= Beginning of Section =

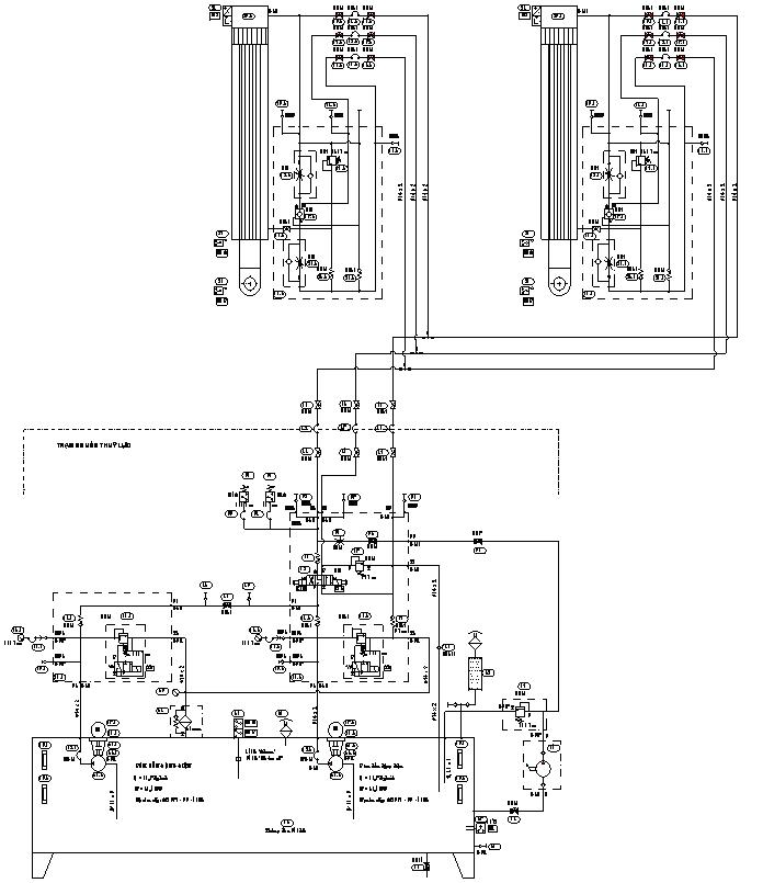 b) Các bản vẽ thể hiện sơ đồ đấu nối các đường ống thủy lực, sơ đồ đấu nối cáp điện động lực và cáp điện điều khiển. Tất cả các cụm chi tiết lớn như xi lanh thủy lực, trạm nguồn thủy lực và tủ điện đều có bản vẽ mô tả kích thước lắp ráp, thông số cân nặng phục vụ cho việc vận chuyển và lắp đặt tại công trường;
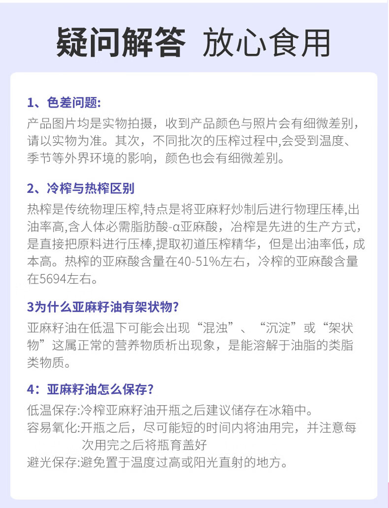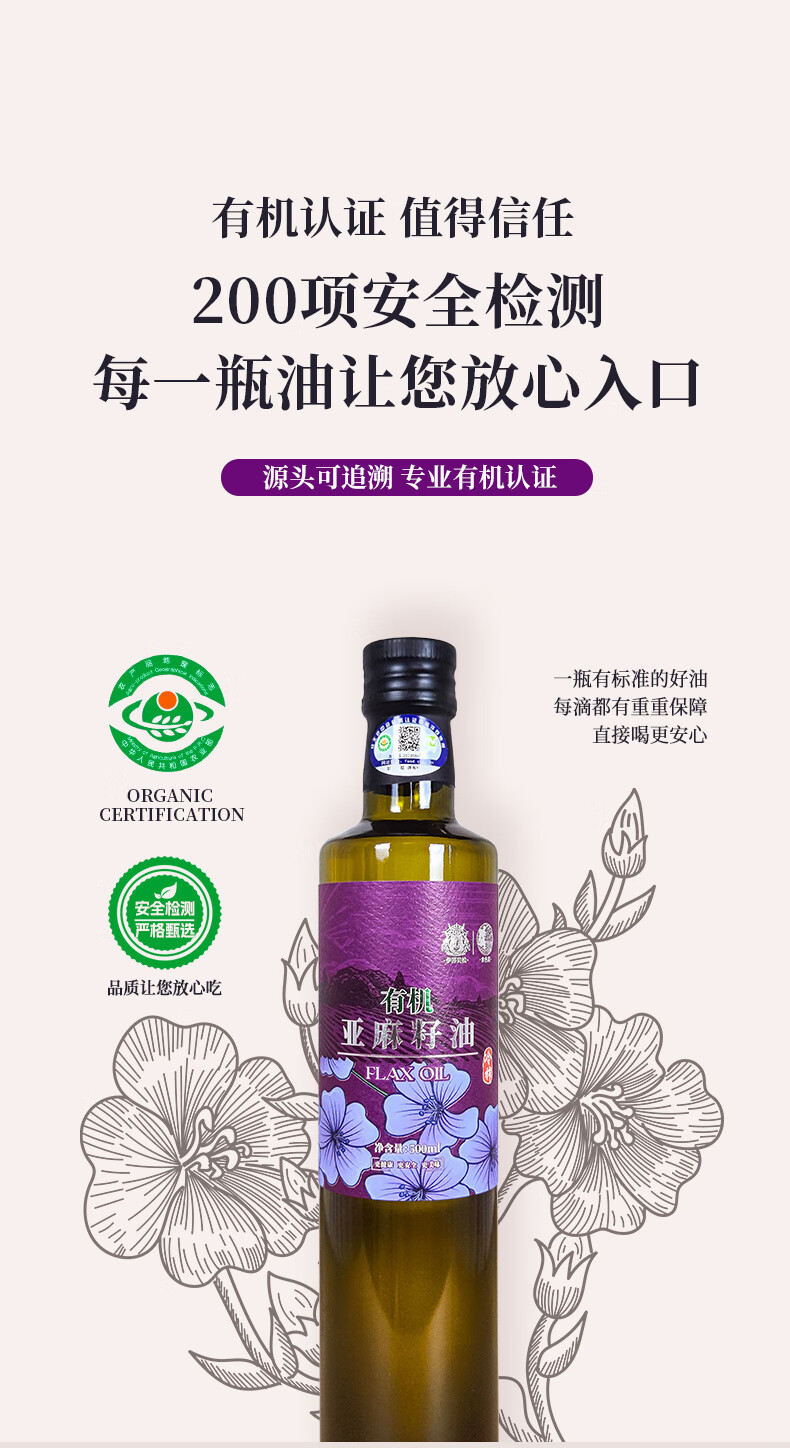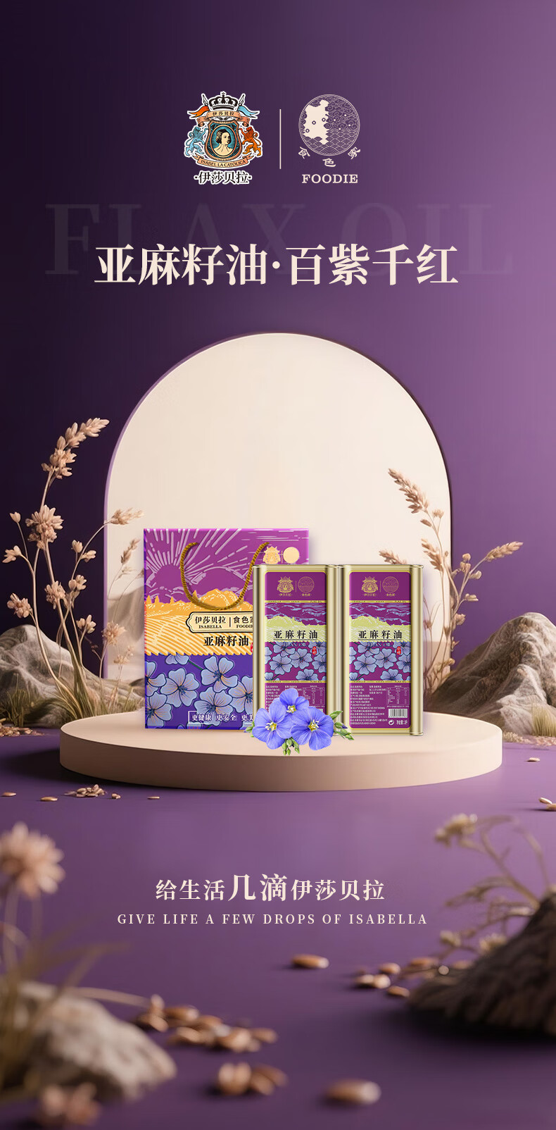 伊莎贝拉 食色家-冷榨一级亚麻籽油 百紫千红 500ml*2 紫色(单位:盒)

= End of Section =
= Beginning of Section =

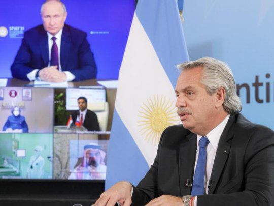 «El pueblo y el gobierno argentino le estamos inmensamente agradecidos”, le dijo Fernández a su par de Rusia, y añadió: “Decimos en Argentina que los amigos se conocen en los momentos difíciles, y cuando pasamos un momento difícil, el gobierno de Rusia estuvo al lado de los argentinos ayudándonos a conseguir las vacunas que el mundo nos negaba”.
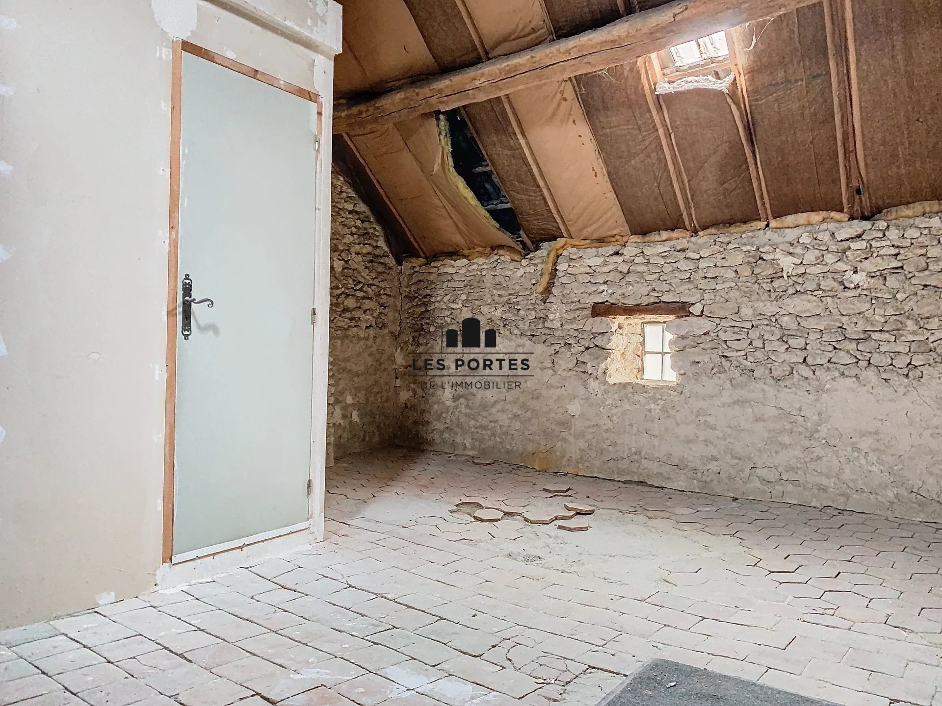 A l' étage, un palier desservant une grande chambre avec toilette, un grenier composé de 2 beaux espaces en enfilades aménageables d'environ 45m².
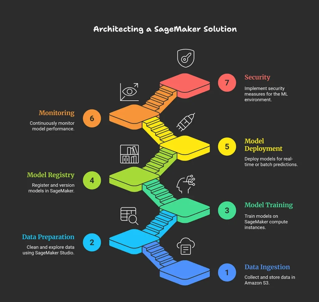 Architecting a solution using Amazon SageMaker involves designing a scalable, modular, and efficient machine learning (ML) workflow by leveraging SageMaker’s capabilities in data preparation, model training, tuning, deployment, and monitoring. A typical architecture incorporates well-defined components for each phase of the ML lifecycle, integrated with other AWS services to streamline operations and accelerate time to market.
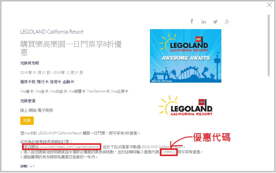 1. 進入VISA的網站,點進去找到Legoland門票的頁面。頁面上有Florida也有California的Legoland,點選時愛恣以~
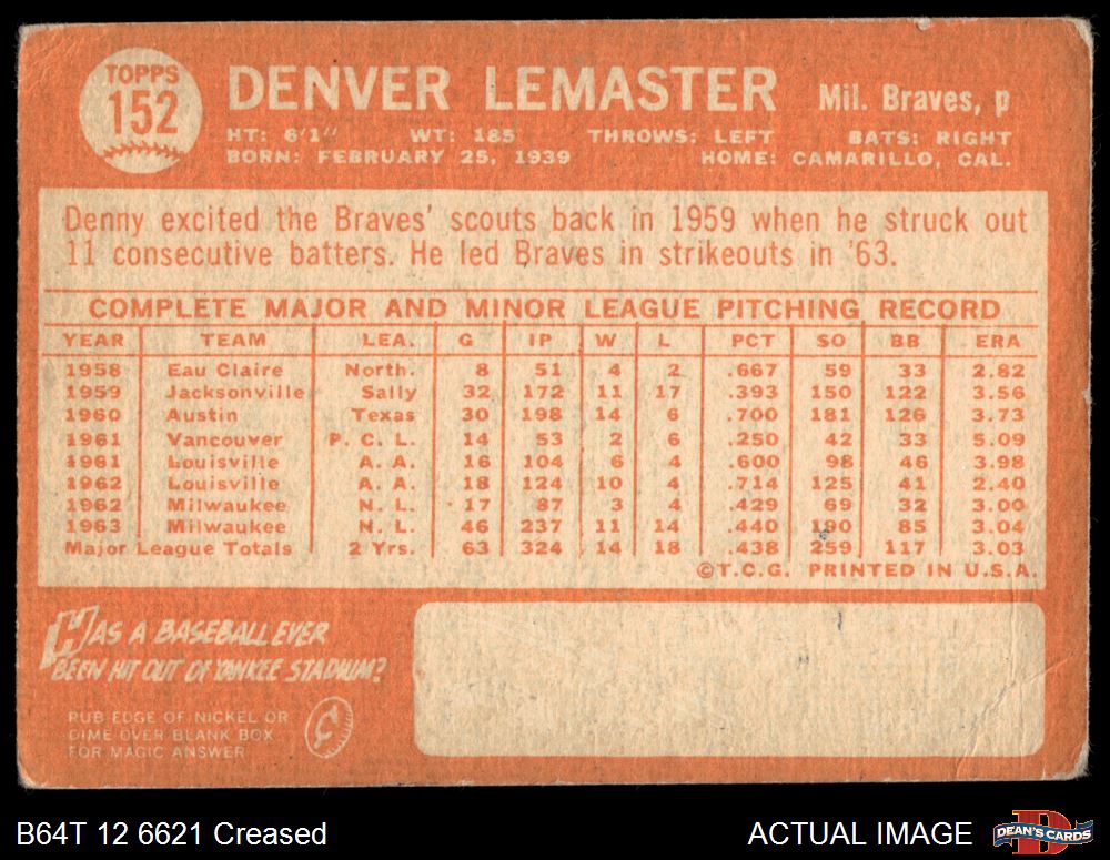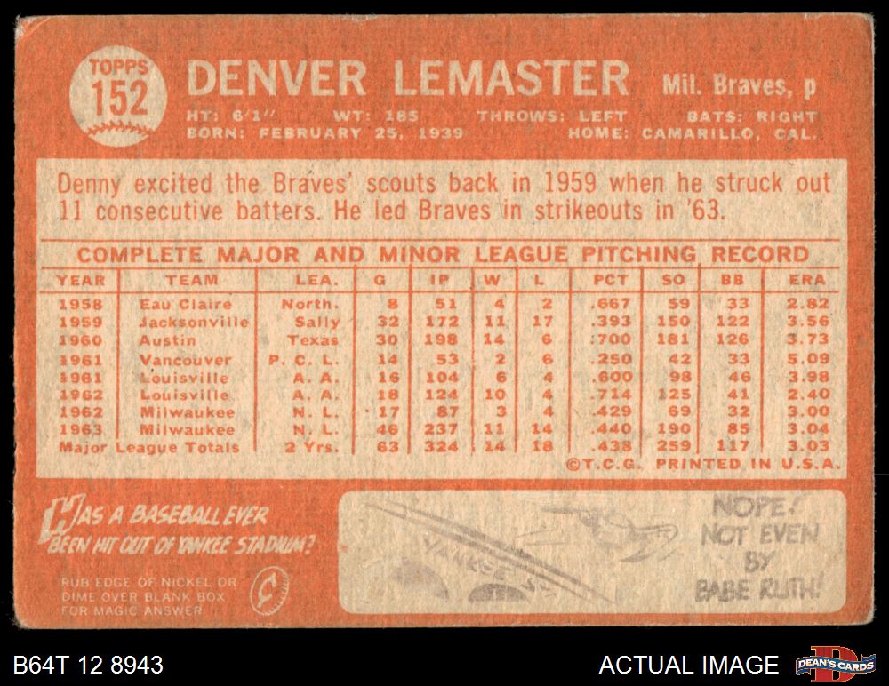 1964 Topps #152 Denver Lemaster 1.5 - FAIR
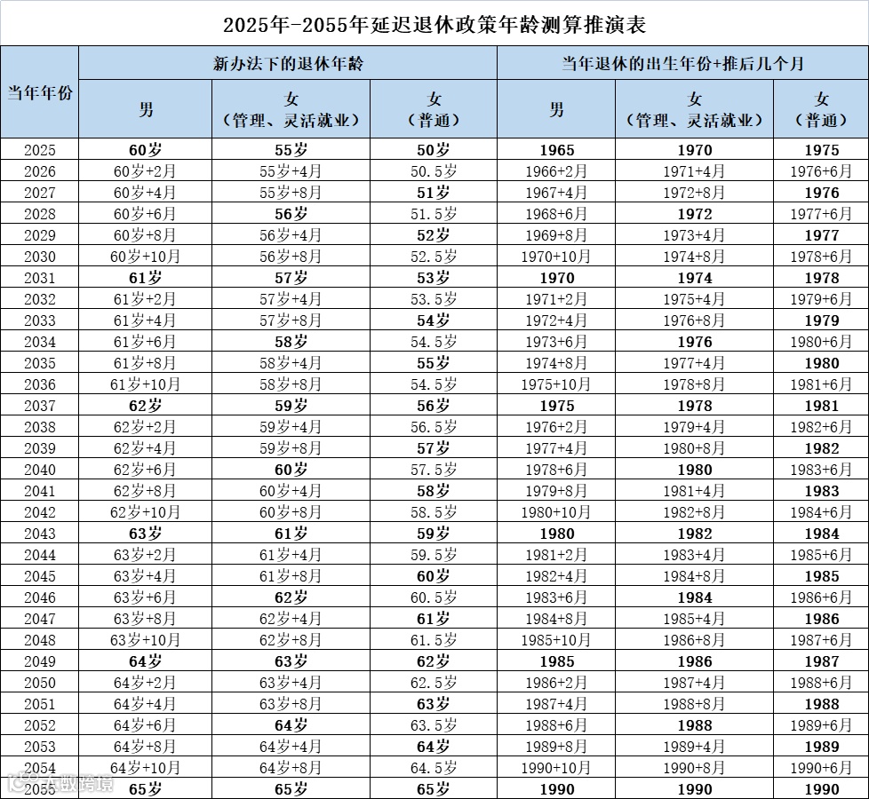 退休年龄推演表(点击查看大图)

= End of Section =

Write out exactly the lines above between the one with "b) Các bản vẽ" and the one with "伊莎贝拉 食色家-冷榨一级亚麻籽油 百紫千红 500ml*2 紫色(单位:盒)", inclusive, with pictures left out.

 b) Các bản vẽ thể hiện sơ đồ đấu nối các đường ống thủy lực, sơ đồ đấu nối cáp điện động lực và cáp điện điều khiển. Tất cả các cụm chi tiết lớn như xi lanh thủy lực, trạm nguồn thủy lực và tủ điện đều có bản vẽ mô tả kích thước lắp ráp, thông số cân nặng phục vụ cho việc vận chuyển và lắp đặt tại công trường;
 伊莎贝拉 食色家-冷榨一级亚麻籽油 百紫千红 500ml*2 紫色(单位:盒)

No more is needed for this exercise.